There are several potential limitations of this study. First, selection bias was an inevitable limitation. This study included a large proportion of malignant nodules (567/672, 84.4%) that were surgically confirmed. This remarkably high percentage of malignancy can be attributed to the conservative management of most benign nodules at our institution. When the results of FNAB and US indicated that the lesion was benign, we chose clinical follow-up rather than surgery. Focal thyroid nodules that had not been operated on were excluded to analyze the false-negative rate, resulting in a relatively low negative predictive value compared with other studies [6, 4749]. Therefore, the false-negative rate of 5.8% may not be an accurate measurement. We believe that the true false-negative rate of malignancy would be reduced if we included benign thyroid nodules that were not surgically removed.
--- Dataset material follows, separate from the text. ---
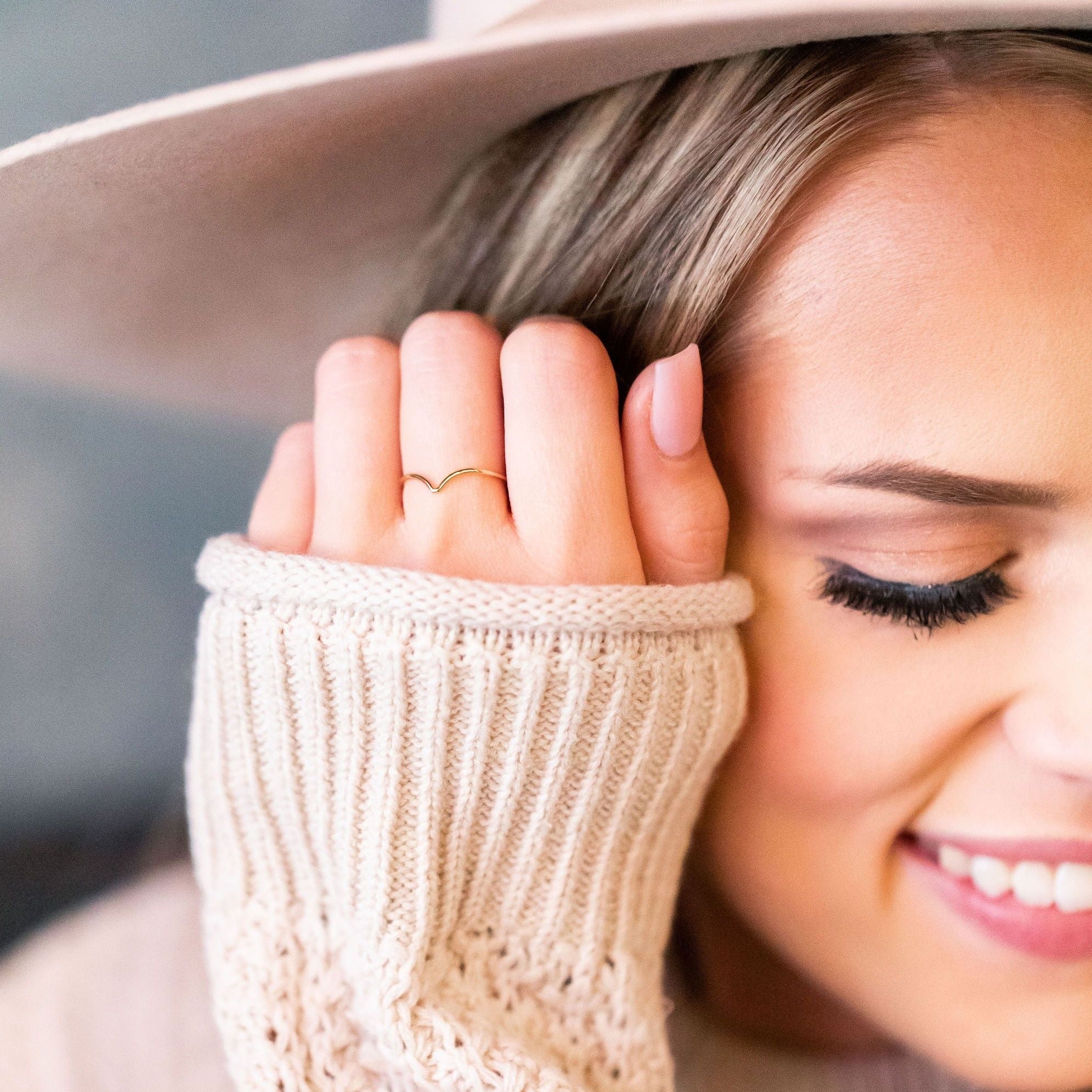 Petite, minimalist chevron stacking ring in your choice of Sterling Silver, 14k Gold Fill and 14k Rose Gold Fill. Wear just one or stack them with any of our other stacking rings... the possibilities are endless!

Second, we did not include the vascularity of the thyroid nodules due to limitations of the retrospective data collection. Several reports demonstrated that intratumoral vascularity may be a risk factor for malignancy [19, 21, 27], although others have found the opposite [17, 50, 51]. Third, five cytopathologists interpreted the FNAB slides at our institution. Although many reports dealt with interobserver variability with respect to follicular-patterned thyroid nodules [5255], some interobserver variability likely exists for papillary thyroid carcinoma.

In conclusion, this study demonstrated the risk stratification of thyroid malignancy based on US features and cytological results, and the importance of the correlation between sonographic features and cytological results. Repeat FNAB should be performed on focal thyroid nodules with suspicious US features even when the initial FNAB results indicate that the lesion is benign.